(Beginning of Records supplied)
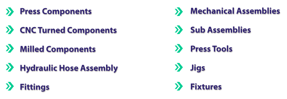 We Specialise Design, Development, Manufacturing, Assembly, Testing and Supply in Press Components, CNC Turned Components, Milled Components, Mechanical Assemblies, Sub Assemblies, Press Tools Jigs, Fixtures and Hydraulic Hose Assembly and Fittings
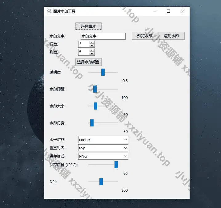图片水印工具,在本地给图片添加文字水印。小站还有其他添加水印工具,可自行搜索
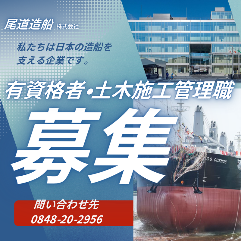 職種/仕事内容 | 仕事内容 【求人のポイント】 ‥…━━━━━━━…‥・ ✅年間休日123日♪ ✅賞与6ヵ月分! ✅U・Iターン大歓迎! ✅造船会社での安定環境 ✅土木建築のスキルを存分に活かせる ✅今後5-10年は大規模な設備更新が継続的に発生 ✅約半年~1年間の丁寧なOJT研修あり ‥…━━━━━━━…‥・ ―――――――――――――――――――― 【仕事内容】 造船所の設備新設・更新・修繕工事の 施工管理業務がメインです。 尾道造船所および尾道・向島・松永の 各工場において、 工場設備の新設・更新に関する 施工管理全般をご担当いただきます。 ―――――――――――――――――――― 【具体的な業務内容】 ✅工場設備の新設・更新・修繕工事の 施工管理 ✅施工業者との見積り交渉、工程調整 ✅社内関係部署との連携、調整業務 ✅工事の進捗・品質管理 ✅図面(CAD)のチェックや修正 ✅工場内の設備点検、不具合箇所の確認 ―――――――――――――――――――― 【先輩スタッフの声】 「前職で培った土木建築の知識を活かして、 造船所の施設をより良くしていきたいと思い 入社を決意しました。 業者への細かな指示出しや打ち合わせ、 造船所内部門と業者間の調整など、 スムーズに工事を進められたときに やりがいを感じます。」 ―――――――――――――――――――― 【一日のスケジュール】 日によって業務は決まってはいませんが、 一例として次のようなことをしています。 ⏩現場の確認と工程確認・関係部署との調整 ⏩施工管理部門から見積依頼を受けたら業者 へ連絡、一緒に現場確認し見積もりを取る ⏩作業がないときは、写真整理や 図面(CAD)の確認・修正 他、工場内にて不具合箇所の確認作業 |
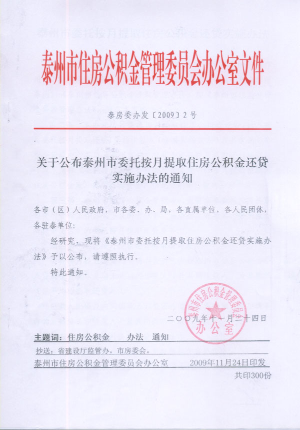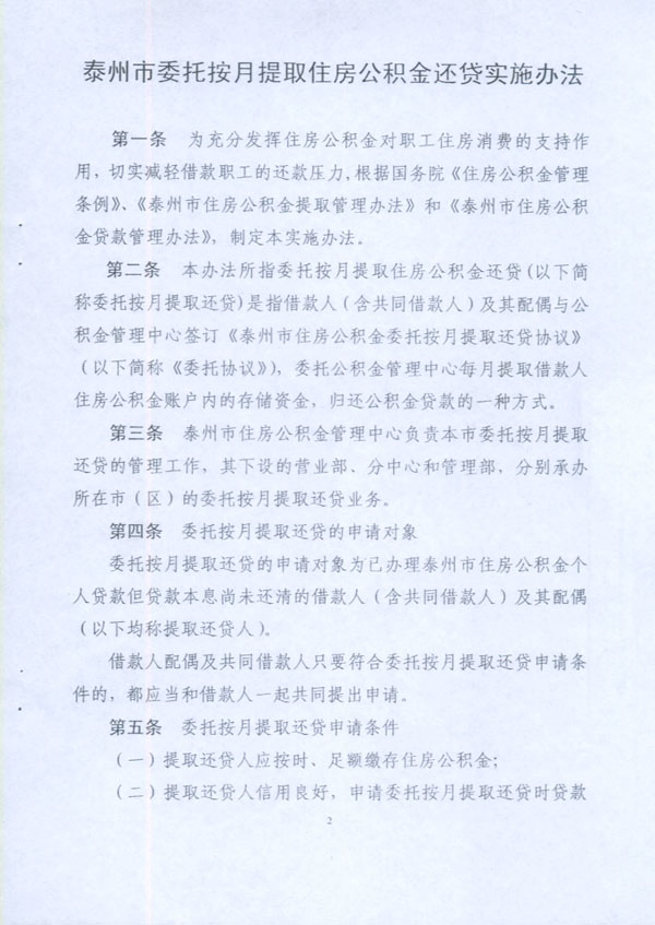 關于公布泰州市委托按月提取住房公積金還貸實施辦法的通知
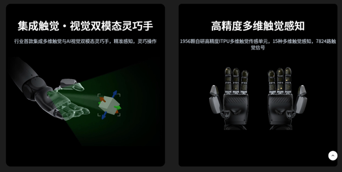 DexH13具有13个自由度,双手搭载世界上最多的1956颗专业级ITPU多维触觉传感器,带来惊人的7824路触觉信号解析能力,具备15种多维触觉感知能力,在感知能力上比前一代更全面更精准,赋予其如人类般细腻灵敏的触觉。
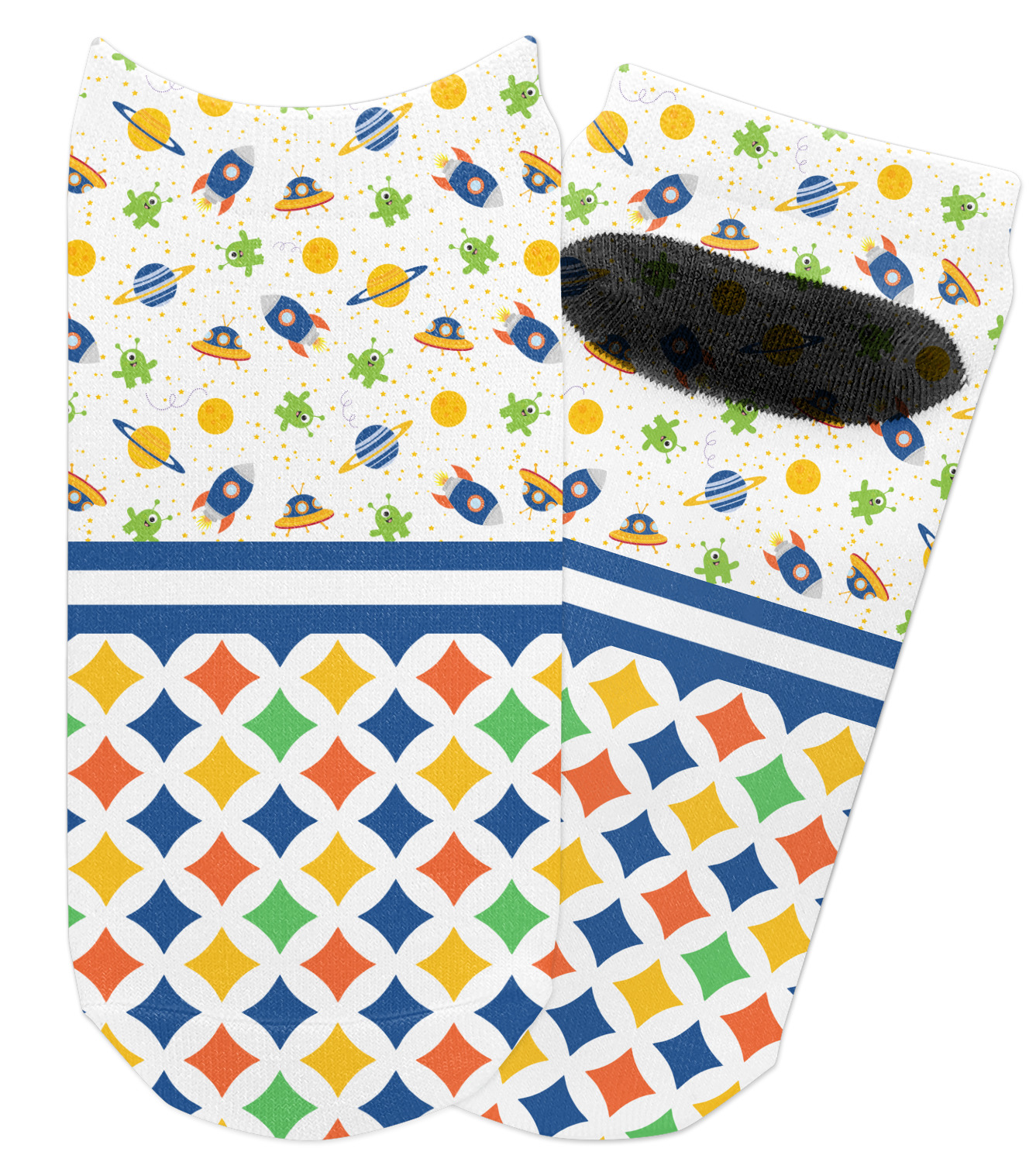 Explore another galaxy with this whimsical space design. Fun colors of blue, orange, yellow, and green make this space exploration come alive. The design is full of little green martians, blue and orange rockets, blue, yellow, and orange spaceships, yellow and blue planets, and yellow stars galore. A retro-future diamond pattern using coordinating colors makes this design outta this world!
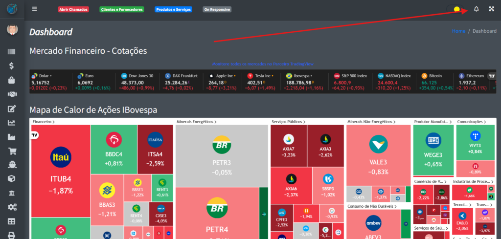 Para acessar as notificações do sistema, clique no “Sino” no canto superior direito do sistema
(End of Records supplied)
Since the pictures are not wanted, transcribe only the rest of the material above, exactly as it stands.

 We Specialise Design, Development, Manufacturing, Assembly, Testing and Supply in Press Components, CNC Turned Components, Milled Components, Mechanical Assemblies, Sub Assemblies, Press Tools Jigs, Fixtures and Hydraulic Hose Assembly and Fittings
图片水印工具,在本地给图片添加文字水印。小站还有其他添加水印工具,可自行搜索
 職種/仕事内容 | 仕事内容 【求人のポイント】 ‥…━━━━━━━…‥・ ✅年間休日123日♪ ✅賞与6ヵ月分! ✅U・Iターン大歓迎! ✅造船会社での安定環境 ✅土木建築のスキルを存分に活かせる ✅今後5-10年は大規模な設備更新が継続的に発生 ✅約半年~1年間の丁寧なOJT研修あり ‥…━━━━━━━…‥・ ―――――――――――――――――――― 【仕事内容】 造船所の設備新設・更新・修繕工事の 施工管理業務がメインです。 尾道造船所および尾道・向島・松永の 各工場において、 工場設備の新設・更新に関する 施工管理全般をご担当いただきます。 ―――――――――――――――――――― 【具体的な業務内容】 ✅工場設備の新設・更新・修繕工事の 施工管理 ✅施工業者との見積り交渉、工程調整 ✅社内関係部署との連携、調整業務 ✅工事の進捗・品質管理 ✅図面(CAD)のチェックや修正 ✅工場内の設備点検、不具合箇所の確認 ―――――――――――――――――――― 【先輩スタッフの声】 「前職で培った土木建築の知識を活かして、 造船所の施設をより良くしていきたいと思い 入社を決意しました。 業者への細かな指示出しや打ち合わせ、 造船所内部門と業者間の調整など、 スムーズに工事を進められたときに やりがいを感じます。」 ―――――――――――――――――――― 【一日のスケジュール】 日によって業務は決まってはいませんが、 一例として次のようなことをしています。 ⏩現場の確認と工程確認・関係部署との調整 ⏩施工管理部門から見積依頼を受けたら業者 へ連絡、一緒に現場確認し見積もりを取る ⏩作業がないときは、写真整理や 図面(CAD)の確認・修正 他、工場内にて不具合箇所の確認作業 |
 關于公布泰州市委托按月提取住房公積金還貸實施辦法的通知
 DexH13具有13个自由度,双手搭载世界上最多的1956颗专业级ITPU多维触觉传感器,带来惊人的7824路触觉信号解析能力,具备15种多维触觉感知能力,在感知能力上比前一代更全面更精准,赋予其如人类般细腻灵敏的触觉。
 Explore another galaxy with this whimsical space design. Fun colors of blue, orange, yellow, and green make this space exploration come alive. The design is full of little green martians, blue and orange rockets, blue, yellow, and orange spaceships, yellow and blue planets, and yellow stars galore. A retro-future diamond pattern using coordinating colors makes this design outta this world!
 Para acessar as notificações do sistema, clique no “Sino” no canto superior direito do sistema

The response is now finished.